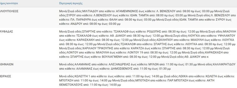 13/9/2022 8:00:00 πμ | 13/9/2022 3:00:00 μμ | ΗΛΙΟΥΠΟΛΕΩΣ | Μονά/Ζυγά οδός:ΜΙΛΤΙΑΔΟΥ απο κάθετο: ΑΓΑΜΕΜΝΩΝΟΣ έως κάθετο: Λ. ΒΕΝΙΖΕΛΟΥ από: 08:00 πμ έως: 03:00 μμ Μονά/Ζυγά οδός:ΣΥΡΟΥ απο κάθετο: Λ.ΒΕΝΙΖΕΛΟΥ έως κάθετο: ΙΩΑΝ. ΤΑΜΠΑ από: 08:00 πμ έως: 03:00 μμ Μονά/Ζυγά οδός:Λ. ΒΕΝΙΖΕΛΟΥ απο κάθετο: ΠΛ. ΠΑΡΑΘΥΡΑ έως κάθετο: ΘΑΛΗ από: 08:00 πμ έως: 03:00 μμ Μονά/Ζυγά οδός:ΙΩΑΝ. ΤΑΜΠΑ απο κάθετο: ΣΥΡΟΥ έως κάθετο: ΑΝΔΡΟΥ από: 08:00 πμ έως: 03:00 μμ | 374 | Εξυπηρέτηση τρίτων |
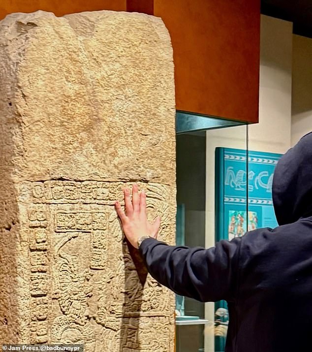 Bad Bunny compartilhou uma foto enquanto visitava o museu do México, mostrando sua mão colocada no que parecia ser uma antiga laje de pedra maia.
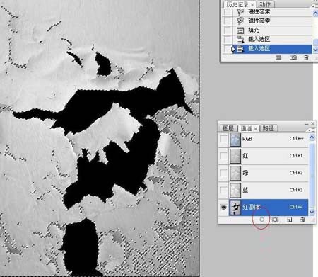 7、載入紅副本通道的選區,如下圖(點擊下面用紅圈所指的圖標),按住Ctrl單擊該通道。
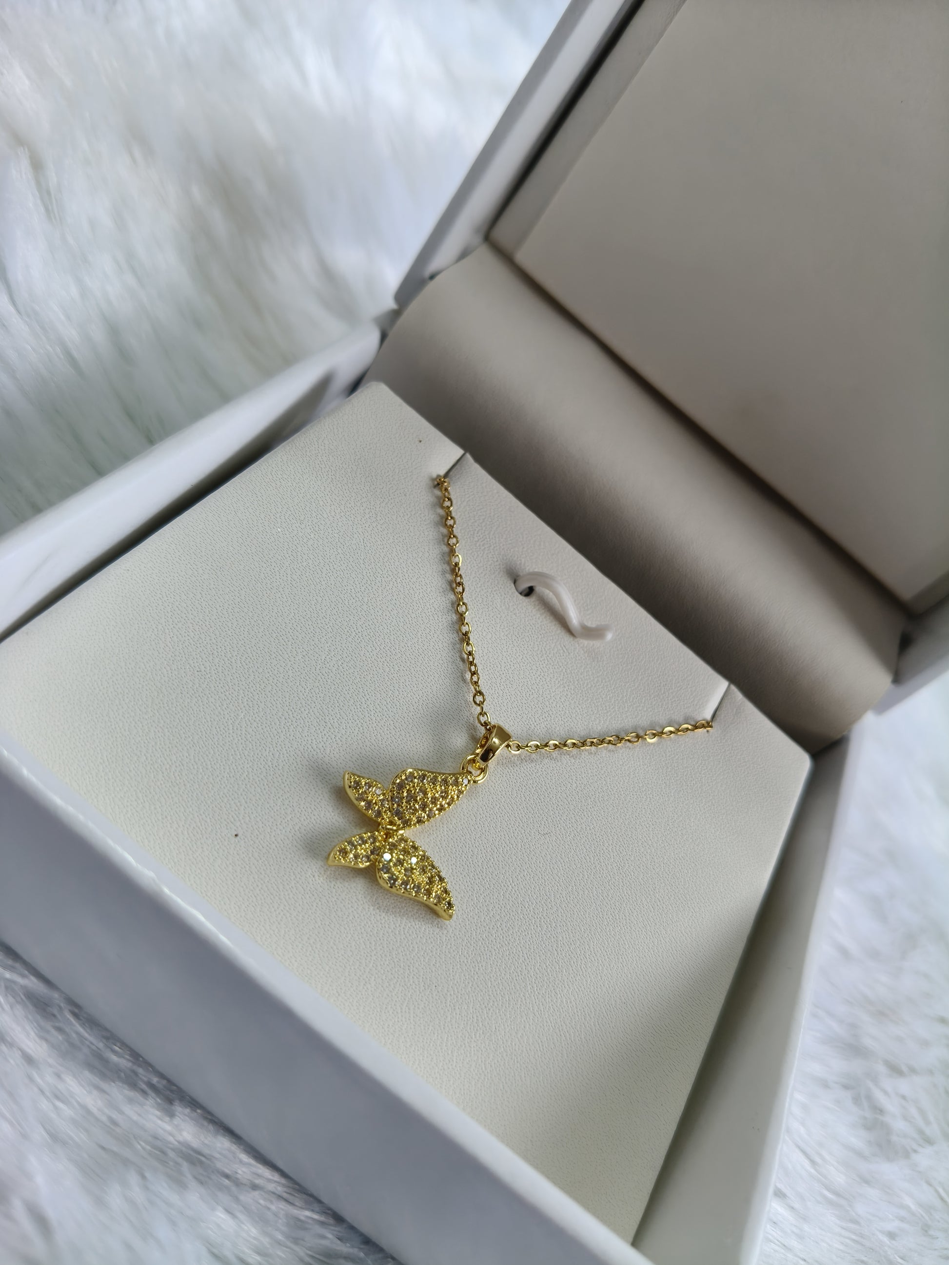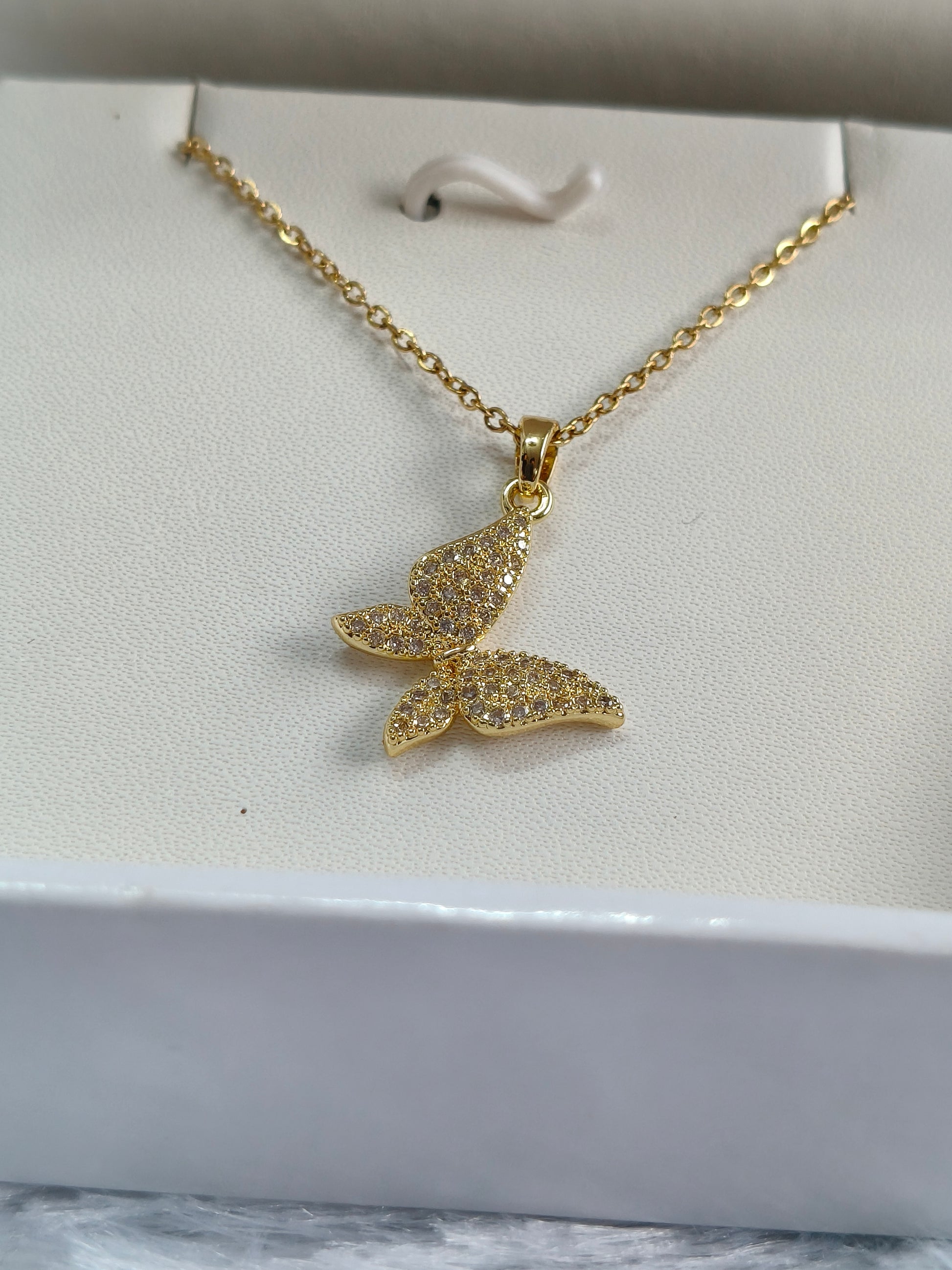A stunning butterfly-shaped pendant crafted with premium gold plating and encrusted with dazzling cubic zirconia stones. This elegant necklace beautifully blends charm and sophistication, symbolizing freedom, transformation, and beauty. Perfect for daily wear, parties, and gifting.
++++
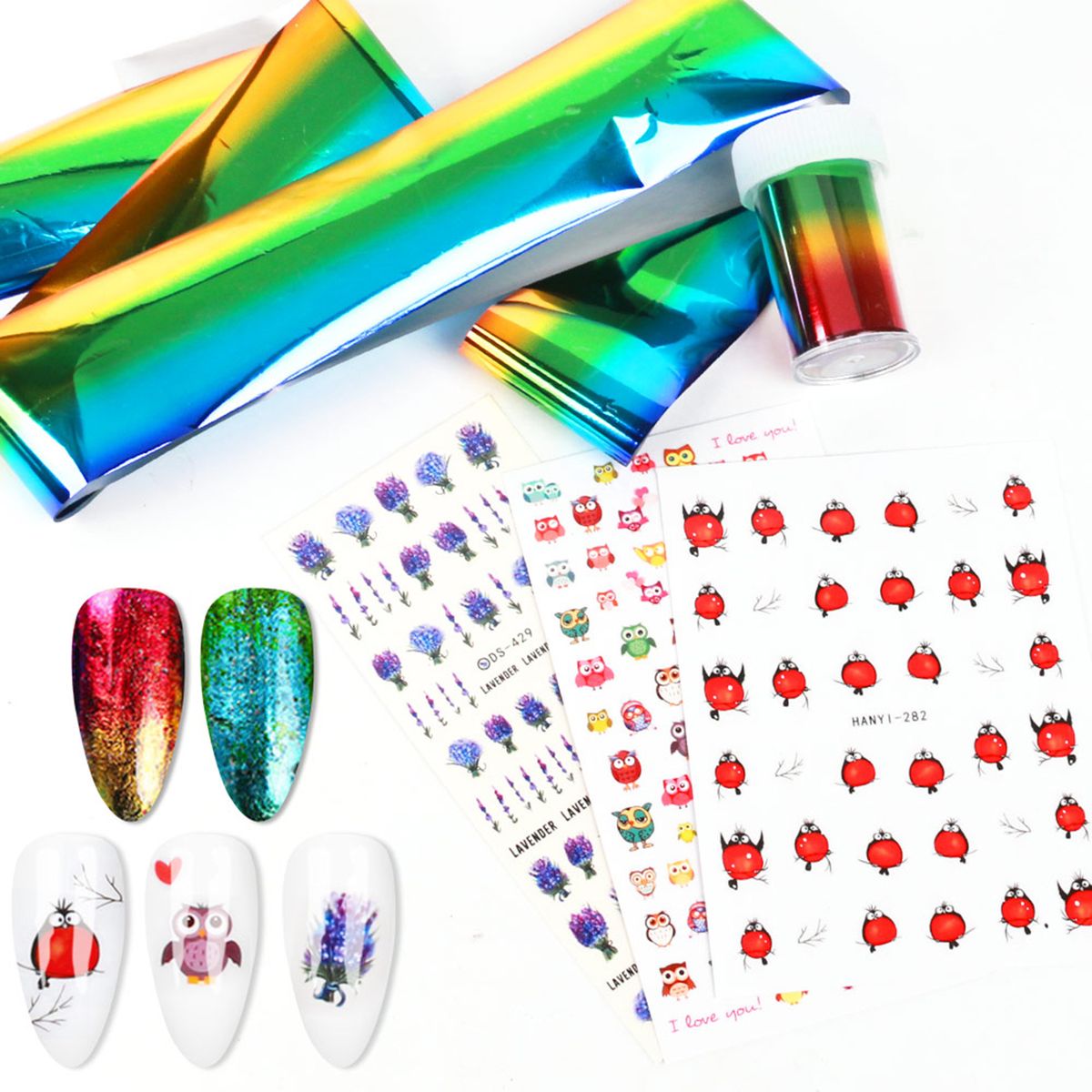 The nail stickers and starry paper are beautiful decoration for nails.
++++
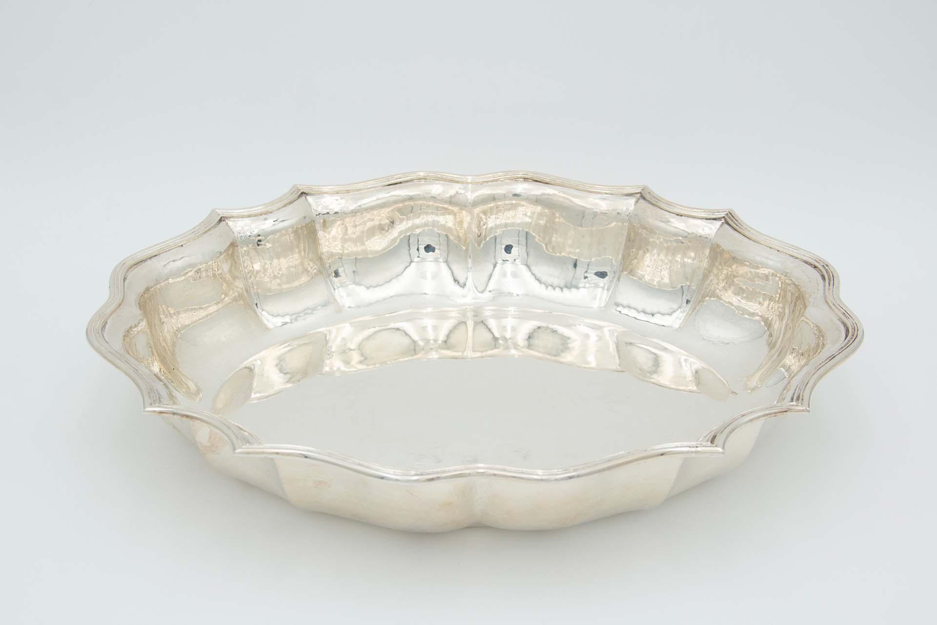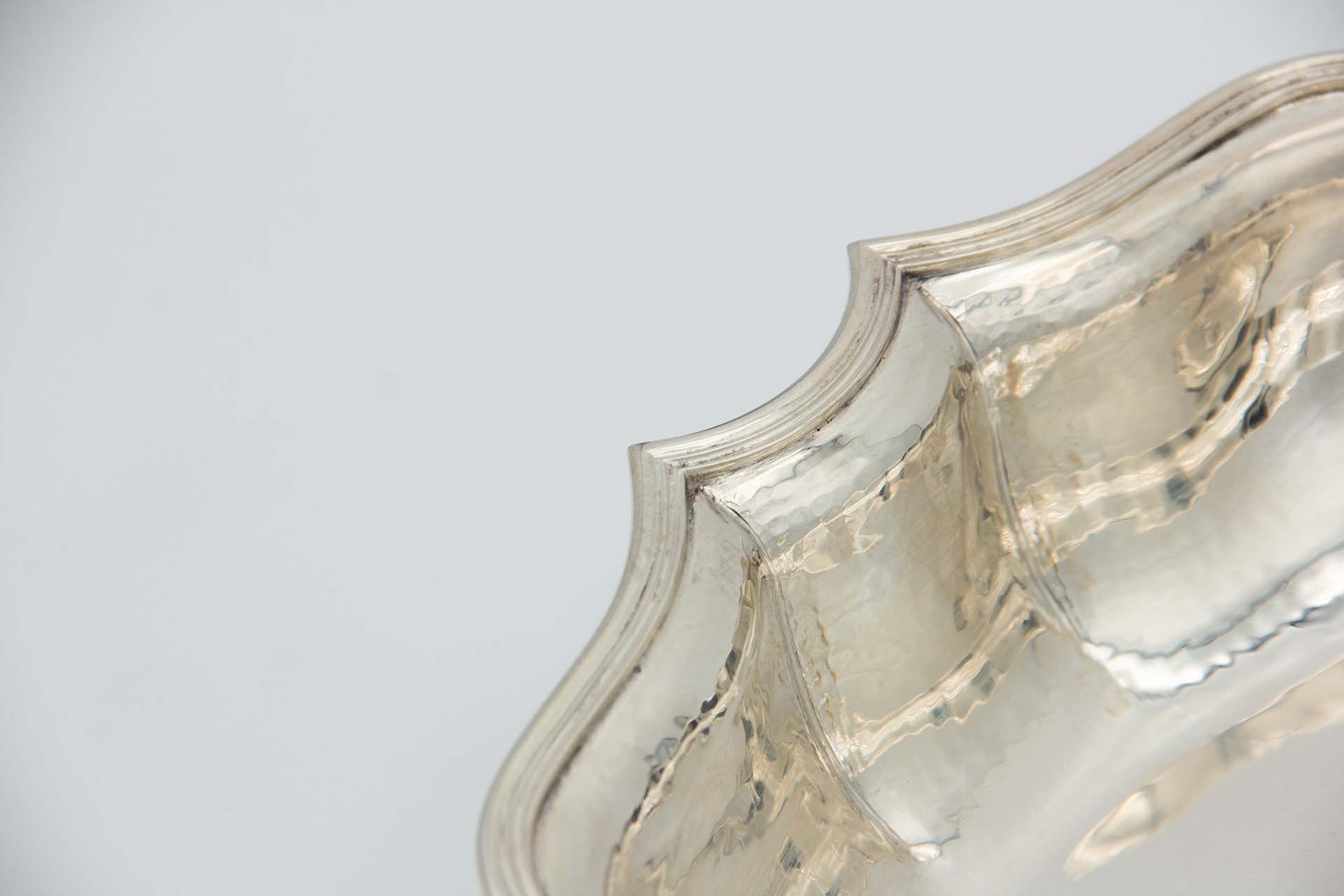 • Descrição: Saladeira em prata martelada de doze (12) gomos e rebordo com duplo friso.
++++
Exercise objective:
Quote word for word only the lines above from the one containing "13/9/2022 8:00:00 πμ" through the one containing "7、載入紅副本通道的選區,如". Pictures stay out of your copy.

Answer for this exercise:
 13/9/2022 8:00:00 πμ | 13/9/2022 3:00:00 μμ | ΗΛΙΟΥΠΟΛΕΩΣ | Μονά/Ζυγά οδός:ΜΙΛΤΙΑΔΟΥ απο κάθετο: ΑΓΑΜΕΜΝΩΝΟΣ έως κάθετο: Λ. ΒΕΝΙΖΕΛΟΥ από: 08:00 πμ έως: 03:00 μμ Μονά/Ζυγά οδός:ΣΥΡΟΥ απο κάθετο: Λ.ΒΕΝΙΖΕΛΟΥ έως κάθετο: ΙΩΑΝ. ΤΑΜΠΑ από: 08:00 πμ έως: 03:00 μμ Μονά/Ζυγά οδός:Λ. ΒΕΝΙΖΕΛΟΥ απο κάθετο: ΠΛ. ΠΑΡΑΘΥΡΑ έως κάθετο: ΘΑΛΗ από: 08:00 πμ έως: 03:00 μμ Μονά/Ζυγά οδός:ΙΩΑΝ. ΤΑΜΠΑ απο κάθετο: ΣΥΡΟΥ έως κάθετο: ΑΝΔΡΟΥ από: 08:00 πμ έως: 03:00 μμ | 374 | Εξυπηρέτηση τρίτων |
 Bad Bunny compartilhou uma foto enquanto visitava o museu do México, mostrando sua mão colocada no que parecia ser uma antiga laje de pedra maia.
 7、載入紅副本通道的選區,如下圖(點擊下面用紅圈所指的圖標),按住Ctrl單擊該通道。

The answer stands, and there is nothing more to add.